Data storage is a central issue for researchers and others facing the daunting challenge of interpreting vast genomic and other datasets in the terabyte, petabyte range and beyond. Collaboration and the critical sharing of data such as between research and clinical facilities (both local and remote) requires the handling of a huge influx of datasets and requires strategies for lossless data compression to enable efficient and accurate comparison such as log files or a reference genome, which are federally required for audit and reporting purposes. Data storage and secure transfer of the same has been accomplished by sending physical hard drives to local or distant locations, which is cumbersome, expensive and increasingly unsustainable.
Freely available research-based tools exist as do other applications and publications in fields related to algorithms and methods for selective compression, coding, indexing, annotation, mapping, and alignment of large data files including, but not limited to: repetitive sequence collections, text, binary text images, and databases.

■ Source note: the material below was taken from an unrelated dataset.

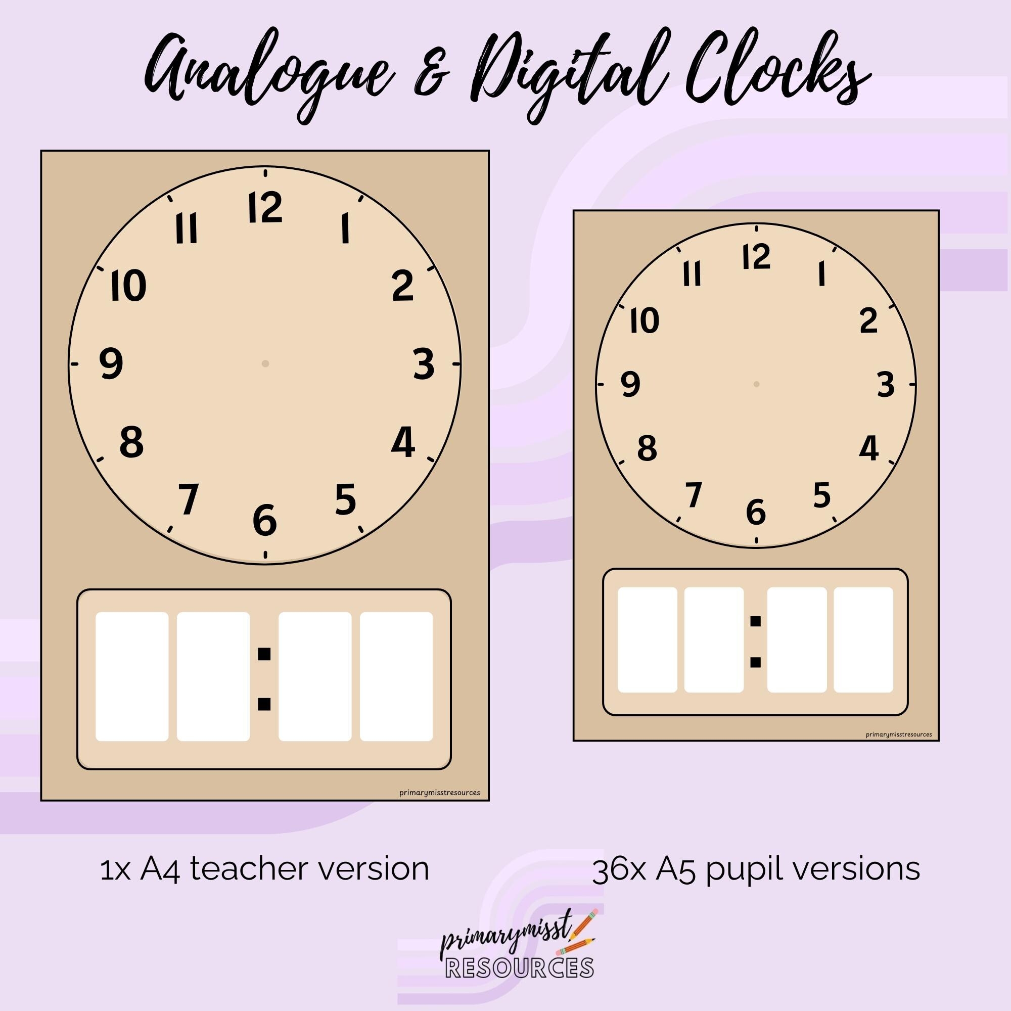 Analogue And Digital Clock Template Time Activities Maths Resources Primary Teacher Etsy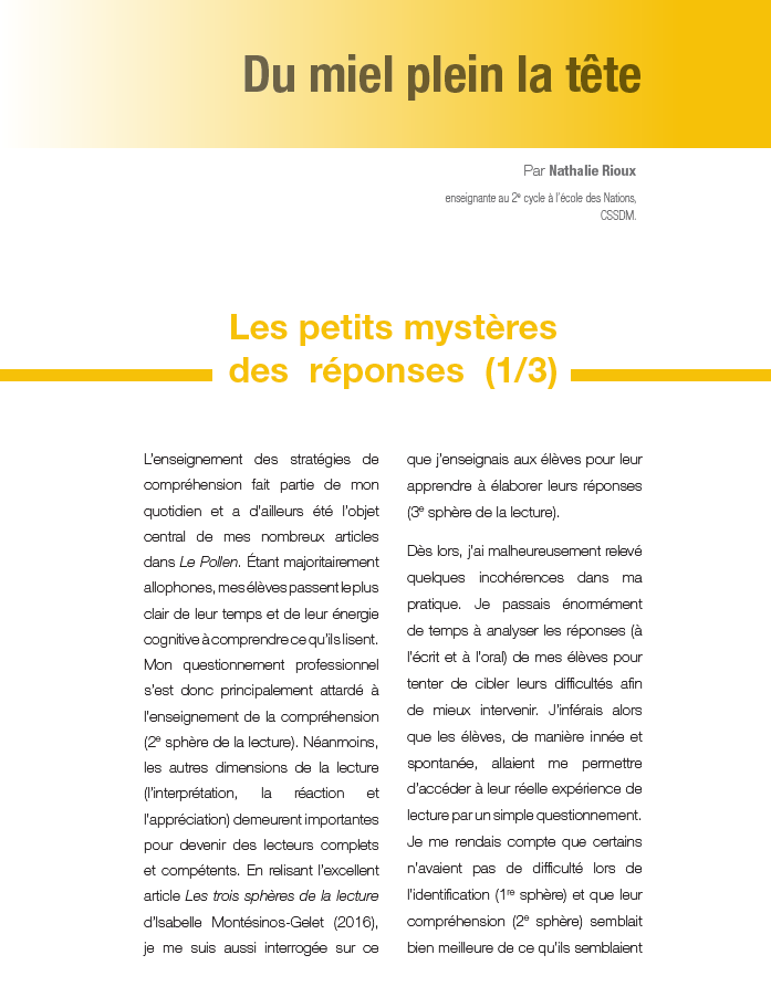 La séquence d’apprentissage proposée ici permettra de travailler explicitement l’élaboration de réponses en lien avec les quatre dimensions de la lecture. D’une durée de cinq semaines, à raison de deux ou trois périodes par semaine, plusieurs dispositifs de lecture et de minileçons seront mis de l’avant.

Rapid improvements in high-throughput next generation sequencing technologies yield genomic datasets (both complete genomes and population-type) that are accumulating at an exponential rate. Publicly available genomic datasets are typically stored as flat text files with increasing burdens for digital storage, analysis, and secure transmission. Storing, sharing, analyzing, or downloading large data files such as genetic information or other Big Data remotely is laborious and nearly impossible for many institutions, especially those in parts of the world lacking high-speed internet access. Today, large storage sites spend millions of dollars on storage, and massive data transfer remains an imposing burden on servers and internet networks. There exists an urgent technical need for a solution to enable the storing, sharing, transmission, etc. of large datasets without the loss or deterioration of data. With present technologies, this is at best laborious and, in many cases, nearly impossible for many entities, such as institutions, especially research centers, hospitals and others.